The nature of Cobden’s political ideology shaped both his achievements and his limitations. Given his views, the Corn Laws were a sublimely appropriate issue on which to agitate: they seemed to epitomise the selfish class interests of a landed élite that placed agricultural profits before cheap food for the masses. But of course the fact that mid-19th-century British politics were designed primarily for landed participants extracted its own price from a manufacturing MP. In order to attend Parliament and travel at home and abroad preaching free trade, Cobden had to neglect his calico business. Only a public subscription of £75,000 in 1846 and a trust fund of £40,000 in 1860 saved him from financial ruin. And there were other, less tangible costs. As Hinde points out, Cobden believed that the House of Commons’ poor ventilation was responsible for his asthma (which finally killed him). But, since nervous stress also exacerbates asthma, one must wonder how much of his discomfort was due to his persistent sense of himself as ‘a gothic invader’ in a gentrified and Classically-educated assembly where few other people spoke, as he did, with a rural accent.
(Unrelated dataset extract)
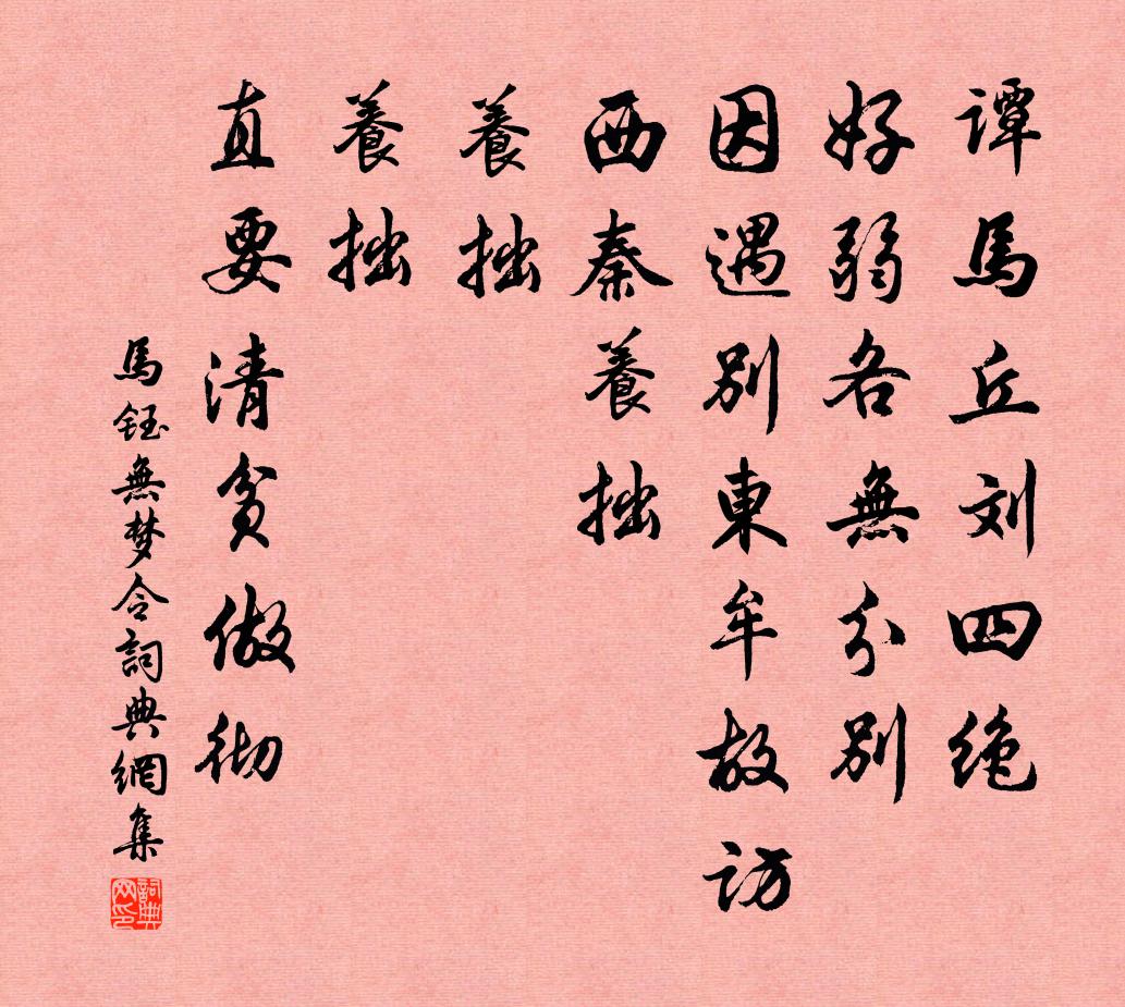 詩詞名句歷史字典書法欣賞書法字典國語詞典說文解字康熙字典古漢語字典標 題 作 者 詩 句 無夢令作者:馬鈺 朝代:元代無夢令原文譚馬丘劉四絕。好弱各無分別。因遇別東牟,故訪西秦養拙。養拙。養拙。直要清貧做徹。詩詞問答問:無夢令的作者是誰?答:馬鈺問:無夢令寫於哪個朝代?答:元代問:無夢令是什麼體裁?答:詞馬鈺無夢令書法欣賞無夢令書法作品詩詞推薦登快閣黃庭堅〔宋代〕痴兒[1]了卻公家事,快閣東西倚晚晴。落木千山天遠大,澄江一道月分明。朱弦已為佳人絕[2],青眼聊因讀後漢書陸游〔宋代〕賃舂老子吾所慕,垂世文章寧在多!詩不刪來二千載,世間惟有五噫歌。酬裴傑秀才新櫻桃權德輿〔唐代〕新果真瓊液,來應宴紫蘭。圓疑竊龍頷,色已奪雞冠。遠火微微辨,殘星隱隱看。茂先知味易,曼倩恨偷難。忍用夜過洞庭殷堯藩〔唐代〕笙歌只解鬧花天,誰是敲冰掉小船。為覓瀟湘幽隱處,夜深載月聽鳴泉。蝶戀花晏殊〔宋代〕梨葉疏紅蟬韻歇。銀漢風高,玉管聲淒切。枕簟乍涼銅漏咽。誰教社燕輕離別。草際蛩吟珠露結。宿酒醒來,不記詞笑令(⑦鶯鶯)秦觀〔宋代〕詩曰:崔家有女名鶯鶯。未識春光先有情。河橋兵亂依蕭寺,紅愁綠慘見張生。張生一見春情重。明月拂牆花樹動訪故人釋斯植〔宋代〕石榻相期久,閒尋到野房。春歸芳草暗,雲入楚山長。人影分孤驛,雞聲落曙桑。淒涼千古事,回首兩茫茫。舟中病思三首趙蕃〔宋代〕日腳陰晴屢,船身坐臥俱。溪山無入望,覊旅孰為娛。路識長安近,名非短策圖。無迷蔡謨蟹,且覓季鷹鱸。晚歸灃川韋應物〔唐代〕凌霧朝閶闔,落日返清川。簪組方暫解,臨水一翛然。昆弟忻來集,童稚滿眼前。適意在無事,攜手望秋田。南嶺齋中詠懷羊士諤〔唐代〕無心唯有白雲知,閒臥高齋夢蝶時。不覺東風過寒食,雨來萱草出巴籬。夜行偶成陳藻〔宋代〕腳踏橫塘外氏村,忽瞻北極動歸魂。貧姑生理凋零盡,八十無兒住此門。後九首劉克莊〔宋代〕坐井成小眼孔,面壁得大醫王。淨洗三生熱惱,不煩一服清涼。大慧贊釋師範〔宋代〕僧中之龍,法中之王。贊不及處,衡陽梅陽。寄人二首張佖〔宋代〕酷憐風月這多情,還到春時別恨生。倚柱尋思倍惆悵,一場春夢不分明。初晴游滄浪亭蘇舜欽〔宋代〕夜雨連明春水生,嬌雲濃暖弄微晴。簾虛日薄花竹靜,時有乳鴿相對鳴。惜竹孔武仲〔宋代〕老蘚牆陰夕照間,何人折我翠琅玕。即茲綠葉隨塵化,猶有低枝帶露殘。不放雲梢侵霰雪,因嗟世故足波瀾。故園桐君山邑人呼為小金山桐君所廬也毛滂〔宋代〕塔設新嚴跡半空,山前山後但孫桐。樓台影壓浮天浪,鐘鼓聲隨過岸風。定有龍宮在深碧,初疑海市變青紅。眾醫寄雪竇千峰琬西堂釋如珙〔宋代〕千丈崖根芋火香,天上日輪正卓午。東土西乾無祖師,白頭老僧七十五。王母祝語梔子花詩王義山〔宋代〕當年曾記晉華林,望氣紅黃梔子深。有敕諸宮勤守護,花開如玉子如金。此花端的名檐卜,千佛林中清更潔。從知淮陰侯廟梅堯臣〔宋代〕韓信未遇時,忍飢坐垂釣。歸來淮陰市,又復逢惡少。使之出胯下,一市皆大笑。龍蛇忽雲騰,蛭螾豈能料。亡命名句推薦未羞他、雙燕歸來,畫簾半卷張炎《解連環·孤雁》 日暖桑麻光似潑,風來蒿艾氣如薰。蘇軾《浣溪沙·軟草平莎過雨新》 桃花落,閒池閣。山盟雖在,錦書難托。陸游《釵頭鳳·紅酥手》 飛鳥盡,良弓藏;狡兔死,走狗烹。司馬遷《史記·越王勾踐世家》 好事不出門,壞事傳千里。佚名《增廣賢文·上集》 俯瞰黃河小,高懸白雪清。胡秉正《詠賀蘭山》 佳節清明桃李笑,野田荒冢只生愁。黃庭堅《清明》 不辭山路遠,踏雪也相過。張九齡《答陸澧》 驕奢淫逸,所自邪也。左丘明《左傳·隱公·隱公三年》 為誰醉倒為誰醒,到今猶恨輕離別。呂本中《踏莎行·雪似梅花》

Increasingly, in fact, Cobden’s obsession with the aristocracy circumscribed the appeal and effectiveness of his radicalism. His suspicion of all state intervention (except in the field of education) made him ill-equipped to advocate the sort of social legislation that working-class groups were increasingly demanding. This could make him seem more conservative than a landed politician like Peel, who was willing to restrict hours of work in factories and to re-introduce an income tax – both measures which Cobden opposed. But it was his opposition to the Crimean War which most endangered his national status, and that of many of his fellow middle-class radicals.

Since the 18th century a succession of British dissidents had described themselves as patriots, by which they meant (among other things) that they cherished their country’s liberty, and opposed its corruption as well as its administration. It was because patriotism was so often a synonym for dissent that Samuel Johnson coined his crusty definition of it for his dictionary. But by the 1850s the meaning of patriotism for many Britons was what Lord Palmerston and not what Richard Cobden wanted it to be. Patriotism was no longer the last resort of the scoundrel: instead, one was increasingly likely to be thought a scoundrel if one’s own patriotism did not coincide with the Government’s interpretation of that ambiguous virtue. Cobden and his friends did their level best to insist that aversion to an arms race and a penchant for non-intervention did not add up to treason: ‘How indeed,’ John Bright told his Birmingham constituents, ‘can I any more than any of you be un-English and anti-national?’ But the fact that radicals had to argue in these terms showed just how far Palmerston and his kind had put them on the defensive.

Yet it would be wrong to conclude a survey of Cobden’s career – as Wendy Hinde seems to do – with an emphasis on his failures. Rather he can be presented as a man who was uniquely lucky in the time in which he was active. He was lucky because in the 19th century the North of England was prosperous and dynamic enough to serve as an alternative power-base to London’s Establishment. He was lucky in that two landed politicians – Sir Robert Peel and William Gladstone – sympathised, for their own purposes, with some of his most cherished policies. And he was lucky in that the Crimean War turned out to be such a dismal military experience that it helped to deter British governments from seriously contemplating armed intervention in Europe for the rest of the 19th century.

In 1885, 13 of Britain’s 16 cabinet ministers were members of the Cobden Club, founded to advance its namesake’s programme of free trade, peace, and good will among nations. How many cabinets in how many great powers today would be willing so to commit themselves?